Die 1939 komponierte erste Symphonie zeichnet sich
durch einen ausgedehnten ‚Molto Adagio‘-Abschnitt aus,
um den sich die relativ knappen übrigen Sätze gruppieren.
Peppings Stil, dies wird schon beim Hören des ersten
Satzes klar, ist schwer zu charakterisieren. Er schrieb eine
relativ zugängliche, klare Tonsprache, die trotz Anklänge
an den Neoklassizismus in keine der Schubladen des (an
Sch
Schubladen nicht armen) 20. Jahrhunderts paßt. Am ehesten könnte man noch eine Parallele von der ersten
Symphonie zu Mahlers Vierter ziehen – allerdings ohne
die ‚Himmlischen Längen‘, Peppings Werk dauert 32
Minuten.
Das Engagement der Nordwestdeutschen Philharmonie
für diese selten zu hörende Musik wird leider durch ein
leicht verwaschenes Klangbild getrübt. Die sonst in dieser
Hinsicht meist exzellenten cpo-Produktionen erfahren hier
einen ‚Ausreißer‘ – die Balance zwischen Streichern und
Bläsern könnte besser sein, das Holz wird bisweilen fast
zugedeckt. Schade, denn rein musikalisch gibt es nichts
auszusetzen: Auch die zweite Symphonie, ein in der
Länge deutlich gewachsenes Werk, erfährt eine präzise
und mitreißende Interpretation. Das 1942 entstandene
Werk wirkt schroffer, herber und nicht so leicht
zugänglich wie die ‚ältere Schwester‘. Gemeinsam haben
beide Werke eine Tendenz zu kontrapunktischer
Schreibweise, die bisweilen etwas gezwungen wirkt – vor
allem die Partitur der Zweiten dürfte in dieser Hinsicht
ein Fest für Analytiker sein. Im direkten Vergleich
hinterlässt die zweite Symphonie den gelungeneren
Eindruck, wird aber selbst noch von der Dritten
übertroffen, die Pepping 1944 (also unter denkbar
ungünstigen Umständen) komponierte.
Obwohl die Sätze Titel wie ‚Der Morgen‘ oder ‚Die
Nacht‘ tragen, darf man eine ‚Morgenstimmung‘ a la Grieg
ebensowenig erwarten wie ein chopineskes Nocturne im
Finale. Kontrapunktische Künste durchziehen auch dieses
Werk, ansonsten hebt es sich aber durch eine feinfühlige
Instrumentation und originelle Harmonik von den ersten
beiden Symphonien ab. Vieles spricht dafür, dass
Peppings letzte Symphonie seine beste ist – gravierend
sind die Unterschiede jedoch nicht. Das Orchester leistet
erneut interpretatorisch vorzügliche Arbeit, auch die
genannten klanglichen Defizite lassen sich weiterhin
feststellen.
Kompakt und verspielt präsentiert sich schließlich das
Klavierkonzert, traditionell dreisätzig gebaut, wobei erster
und letzter Satz wiederum unterteilt sind. Banfield, der
für cpo bereits einen Koloss wie das Busoni-Konzert
gestemmt hat, bereitet das bei aller handwerklicher
Meisterschaft doch eher harmlose Konzert keinerlei
Schwierigkeiten, Albert und die Nordwestdeutsche Philharmonie begleiten souverän. Als unbedingt hörenswertes
Meisterwerk würde ich das Klavierkonzert aber nicht
bezeichnen. Optimal ist das Klangbild auch hier keineswegs, doch besser als bei den Symphonien.

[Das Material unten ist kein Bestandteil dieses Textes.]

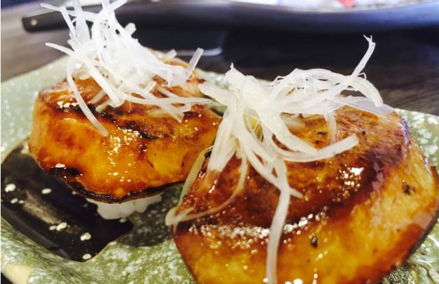 店里厚切三文鱼的色泽鲜艳,看起来就很有食欲,一整片入口,口感丰富。有一种柔软到侵蚀每一寸口舌的感觉。
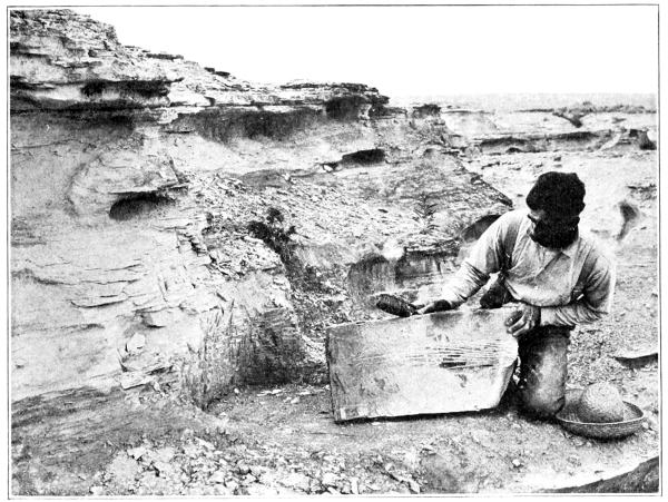 The sharp-eyed searcher after fossils detects these protruding, often broken and weather-worn, petrified bones, which themselves betray the presence often of other parts of their skeletons still concealed in the chalky hillside. Fortunate is he if he has discovered a specimen soon [Pg 10] after it appeared at the surface, before the rains have washed away and destroyed most of the remains that had been there preserved. Still more fortunate is he if all or nearly all of the original skeleton has been preserved together in its natural relations. After days, perhaps weeks, of labor, the specimen is secured and shipped to the laboratory. Those parts which have been washed out of the chalky rock before the discovery of the specimen are always more or less injured and for the most part lost, their fragments strewn down the hillside, for erosion is always slow and many years may have elapsed since first the specimen had appeared at the surface. More frequently, perhaps, a few strokes of the pick and shovel disclose but one, two, or three bones remaining in the rocks. The specimen, if large, or composed of many bones, is carefully uncovered sufficiently to show its extent, and then, so far as possible, removed in large blocks of the rock. The bones themselves, notwithstanding their petrifaction, are usually soft and easily broken, and their separate removal from the matrix may require weeks or even months of labor, work which cannot be done prudently in the field.
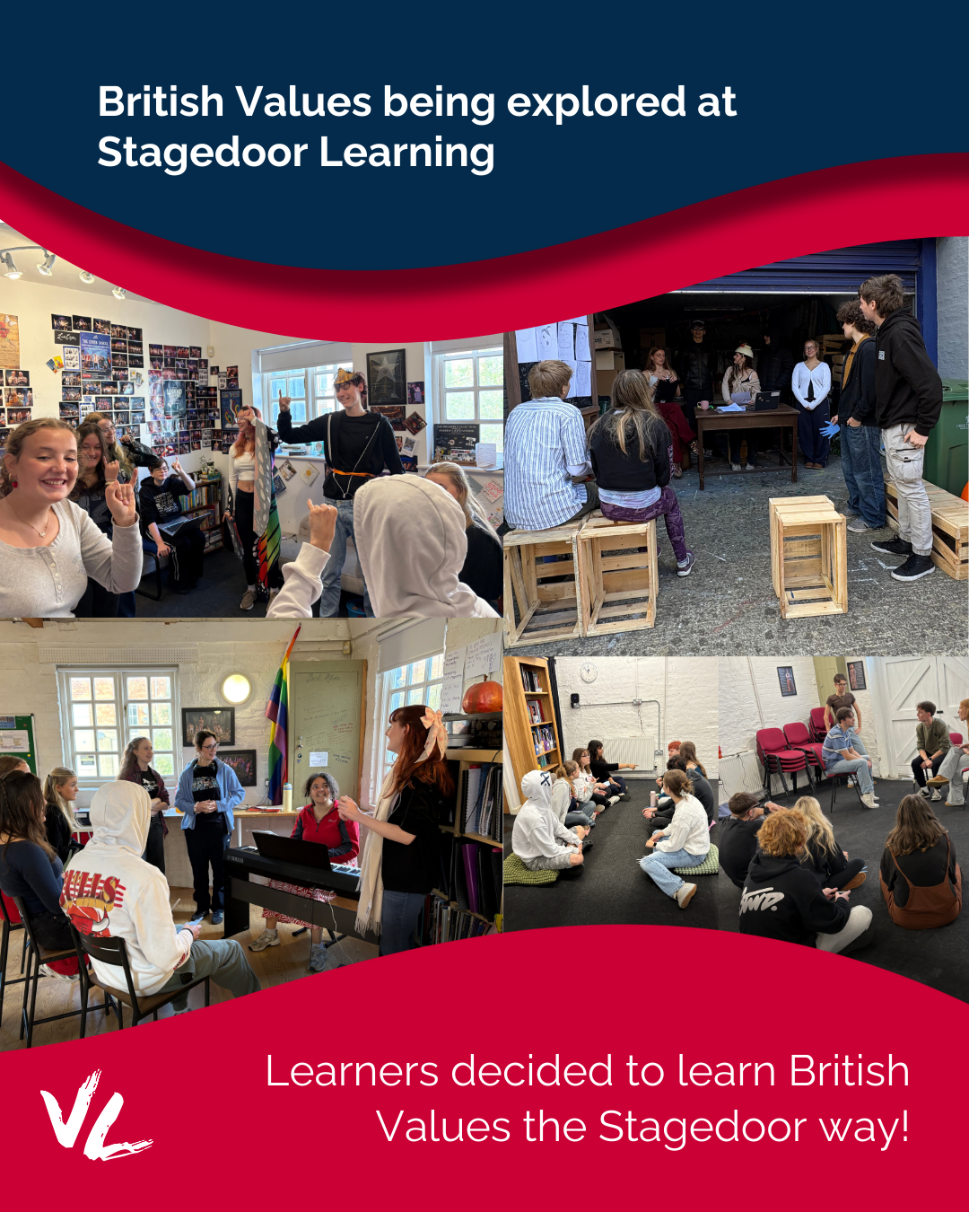 Stagedoor British Values Posted on 26 September 2025 At Stagedoor Learning this week's tutorial was on British Values. Our Year 13 learners took on the role of leaders, designing and delivering a series of creative activities for the Year 12s. This peer-led approach not only gave the Year 13s a chance to revise what they had learned last year, but also provided the Year 12s with an engaging and memorable introduction to the five key values. The activities were as imaginative as they were informative. Year 12s stepped into a courtroom setup to explore the rule of law, learned an original song about mutual respect, and experienced forum theatre to understand the importance of tolerance. Democracy came alive through a discussion on the suffragettes an area the Year 13s know well after performing Angry Birds last summer and a lively mock debate highlighting why individual liberty should be respected. Each group also reflected on how these freedoms compare with countries where such values are not upheld. The session was a success on multiple levels. Year 12s not only deepened their knowledge of British Values, but also developed teamwork skills and were inspired by the confident leadership of their Year 13 peers. Meanwhile, the Year 13s strengthened their understanding of the values, while honing organisation, workshop-leading, and communication skills. This collaborative tutorial demonstrated the power of peer learning, with both year groups gaining knowledge, confidence, and valuable experience along the way.
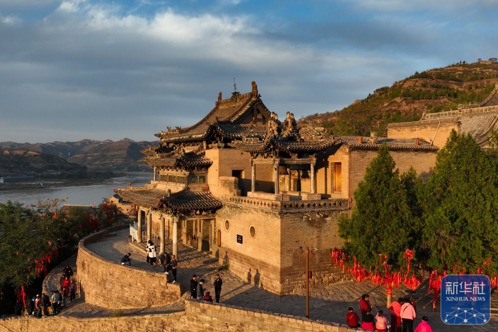 "新華社發(fā)(劉亮亮 攝)↑ 山西省呂梁市臨縣磧口古鎮(zhèn)一角(10月29日攝,無人機照片)。" 磧口新生 古鎮(zhèn)新“味”
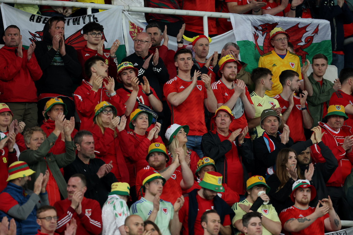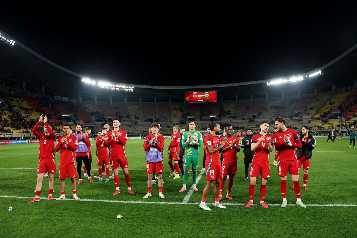 The Cymru players join the traveling fans in Skopje following the 1-1 draw.
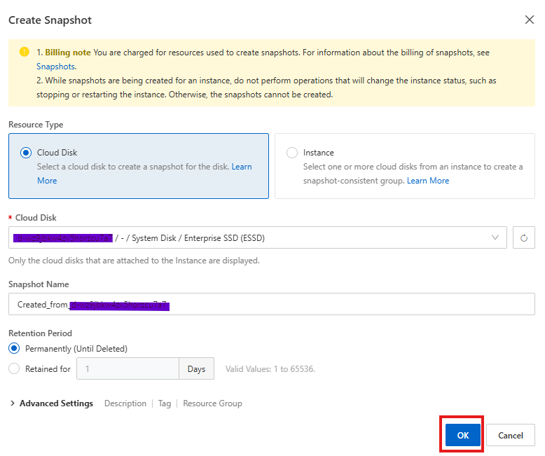 - 스냅샷 생성 팝업페이지에서 스냅샷 생성 원하는 디스크를 선택 후 스냅샷 생성을 시작합니다.

Fazit: Wer den Komponisten Ernst Pepping kennenlernen
möchte, ist mit diesen beiden CDs gut bedient. Die
ordentlichen Interpretationen des Orchesters wurden
allerdings klanglich defizitär eingefangen. Für allgemeiner
interessierte Hörer muss man festhalten, dass Pepping ein
fähiger, aber nicht herausragender Komponist war. Wer
ausschließlich Meisterwerke sammelt, wird sich diese
Veröffentlichung wohl nicht anschaffen. Ein höchst erfreulicher Aspekt ist hingegen der ausführliche Booklet-Text
von Anselm Eber.
Michael Loos; Quelle: www.klassik.de
Mitteilungen der Ernst-Pepping-Gesellschaft Heft 14 Seite 5
Verborgene Größe
Wirklich bedeutende Musik, so will es in der eventgeprägten musikalischen Gegenwart scheinen, kann nur dort zu
finden sein, wo die arrivierten Werke der anerkannten
Komponisten aufgeführt werden. Das gilt vor allem für
die Musik der älteren Vergangenheit, in gewisser Weise
auch für jene des 20. Jahrhunderts und der Gegenwart.
Außerdem wird Größe allzu leichtfertig im ‚Großen’
gesucht – kleinere Gattungen, ästhetische Nebenwege und
musikalische Nischen werden kaum einmal nach
verborgenen Schmuckstücken ‚durchforscht’. Doch gibt
es gerade hier wundervolle Arbeiten zu bestaunen, wird
bei der Beschäftigung mit diesen Kompositionen die
‚Musikgeschichte der Heroen’ in ihrer ganzen Fragwürdigkeit bloßgestellt:
Bernd Stegmann und das Berliner Vokalensemble widmen sich mit der vorliegenden Platte dem chormusikalischen Schaffen Ernst Peppings (1901-1981). Schon zuvor
traten Dirigent und Ensemble durch Veröffentlichungen
mit Musik von Arnold Mendelssohn, Hugo Distler und
Helmut Barbe hervor, die sich sämtlich durch ein hohes
musikalisches Niveau und eine tiefgründige, innovative
und wohlüberlegte Programmzusammenstellung auszeichneten.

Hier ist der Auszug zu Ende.